Ever read any Ring Lardner? Google up “Alibi Ike” (100 years old this year).

Ever read any Ring Lardner? Google up “Alibi Ike” (100 years old this year).

Where’m I going anyway? Where am I? In the end, you can spend your money on PR, you can use your budget to hire plenty of great marketing people to entertain the advertisers. Or you can be successful the old-fashioned way, by cultivating great (weird) creative people, putting out original entertaining content everybody wants to read, and generating big circulation numbers (or however we clock it on the www) even happy-tipsy advertisers can’t ignore.

Manufacturers face the same choice. They can spend the gross national product on advertising and marketing, or they can spend a bigger chunk hiring brilliant designers and engineers to build a range of motorcycles with something for everybody. Every time I visit Piaggio’s fleet center, I’m surprised all over again when I step through the door and am greeted by the candy store array of Aprilia RSV4s and Shivers, Vespas, Moto Guzzi sporty bikes, Caponords, and heavy cruisers far as the eye can see. Piaggio is the rare example of a company that needs to spend more on marketing. Actually, it just needs more dealers. We motojournalists are pretty much Piaggio’s marketing department. Wait, is that why they don’t sell many bikes?

Piaggio’s Erik Larson rearranges the waiting room at the Costa Mesa fleet center.

Piaggio’s Erik Larson rearranges the waiting room at the Costa Mesa fleet center.

Anyway, the right balance of steak and sizzle, as usual, is some happy place in the middle. You know I hate to go political, but it sort of starts at the top. Is the Wall still in place? Is it as endangered as the one between church and state?
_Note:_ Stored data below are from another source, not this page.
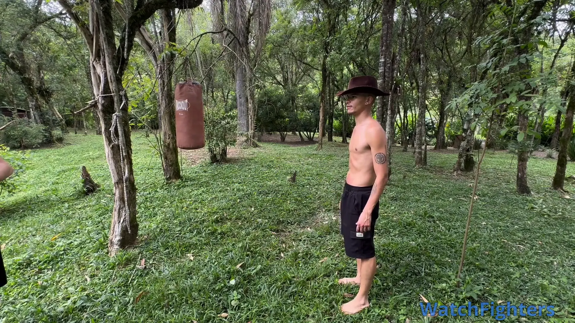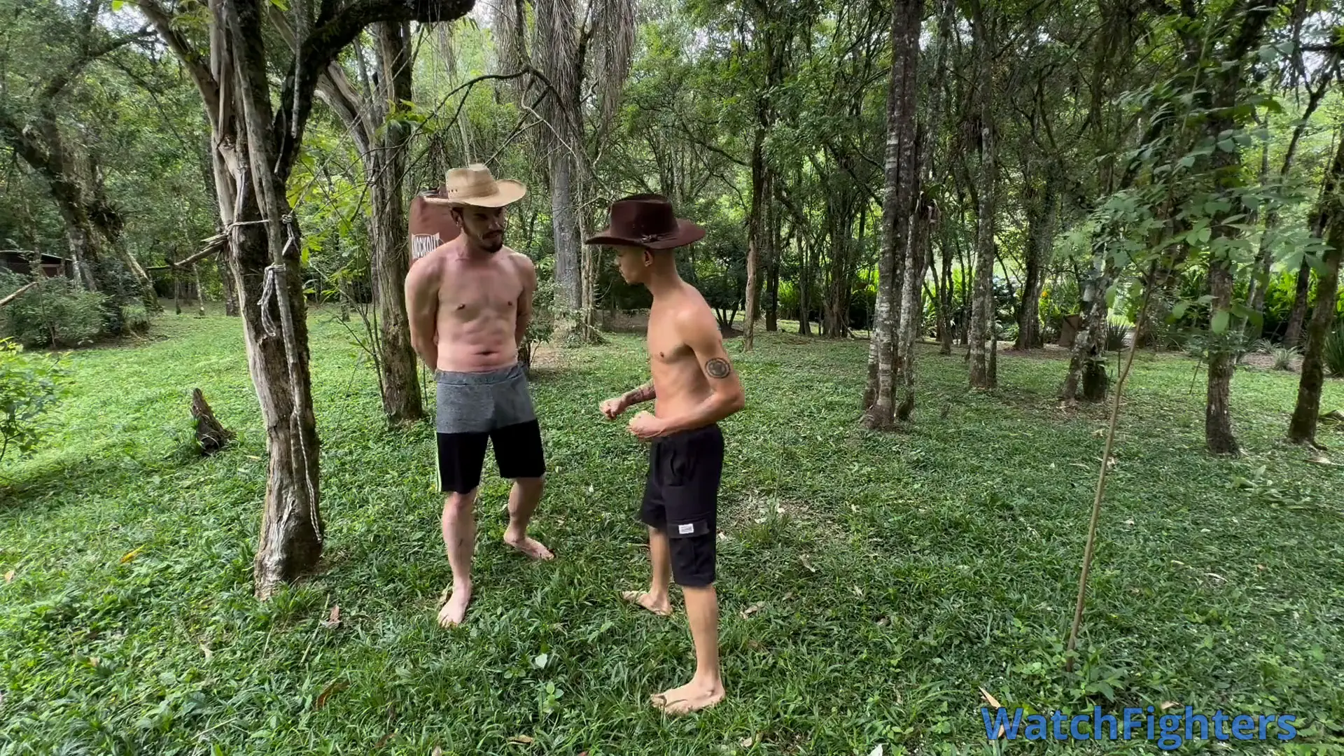 Part III CowboyYuriBr Vs MattHeyder in a farm . We stop for a while to training hard gut punching.
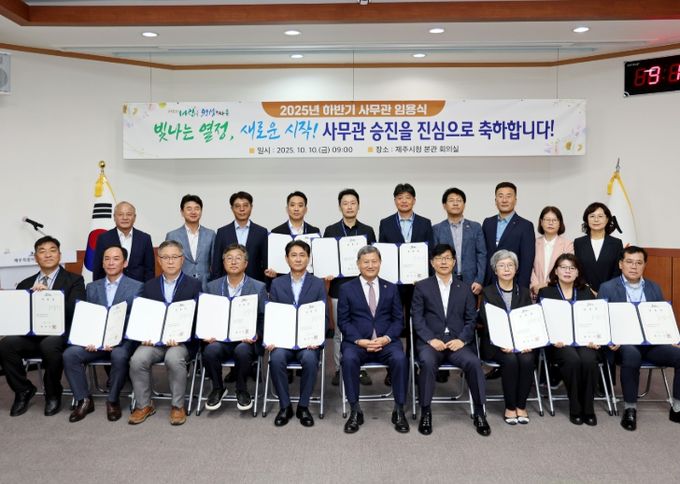 (아름다운교육신문) 제주시는 2025년 10월 3일자 사무관 승진 임용자 11명에 대해서 10월 10일 제주시청 본관 회의실에서 임용장 수여식을 개최했다.
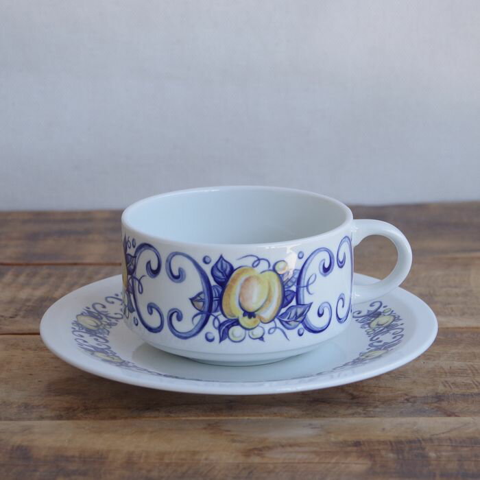 ビレロイ&ボッホのカップ&ソーサーです。 現状ではドイツの陶磁器メーカーですが、 バックスタンプではルクセンブルク製となっています。 Cadiz というシリーズのものです。 ネイビーブルーを基調として、 レモンか梨のようなフルーツの絵柄が はじけるようなタッチで描かれています。 カップはスタッキングしやすいデザインです。 1970~90年代ごろのものと思われます。 状態に関して、特に目立つチップやヒビはありません。 わずかな擦り傷や色剥げはあるかと思いますが、 全体として傷はあまり目につかず、つやがあり、 ヴィンテージ品としては非常にきれいな状態です。 製品本来の品質として、ちょっとした絵柄の乱れや不整形、黒点等はある場合があります。 詳細に関しては、写真をご覧ください。 こちらの商品は複数在庫にございますが、 状態に大きな差がありませんので一商品として販売しております。 写真に写る 4客のうちの 1客をお送りいたします。 ご了承ください。 --- ■カップ:高さ約 5.5cm 口径約 9cm ■ソーサー:直径約 15.3cm ※ 写真に写りこんだデコレーション等はお届け内容に含まれません。 ◆ Boch 商品一覧
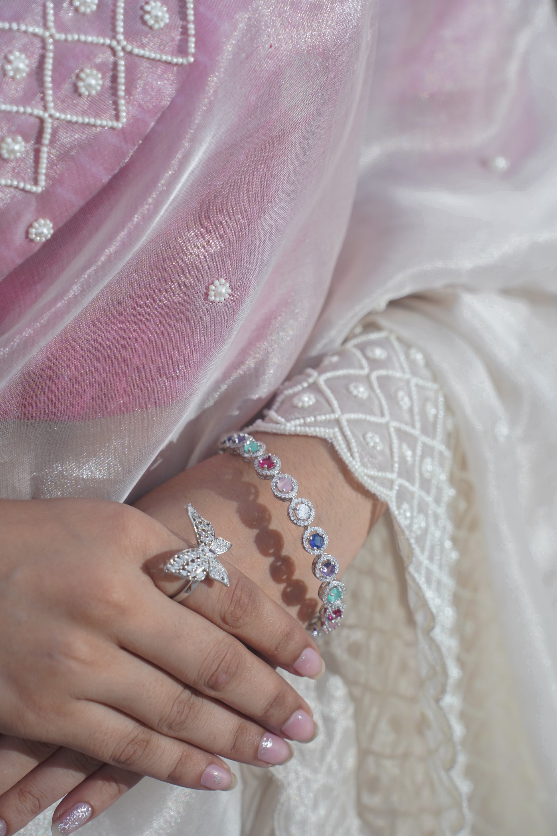 - Dry clean only to maintain the fabric’s sheen and the integrity of the pearl work.

Did I dream the whole thing? Now that Citizens United is the law of the land, which allows unlimited campaign contributions to your favorite politicians and therefore nothing but sizzle 24/7, I’m going to be forced to just ignore all political advertising for the duration. MO’s Editorial Director would commit homicide or resign before he would allow any compromise in whatever editorial ethics MO possesses (he made me say that). As for me when it comes to politics, this time I’m holding out for a nice bottle of Maker’s Mark before I throw my support behind anybody.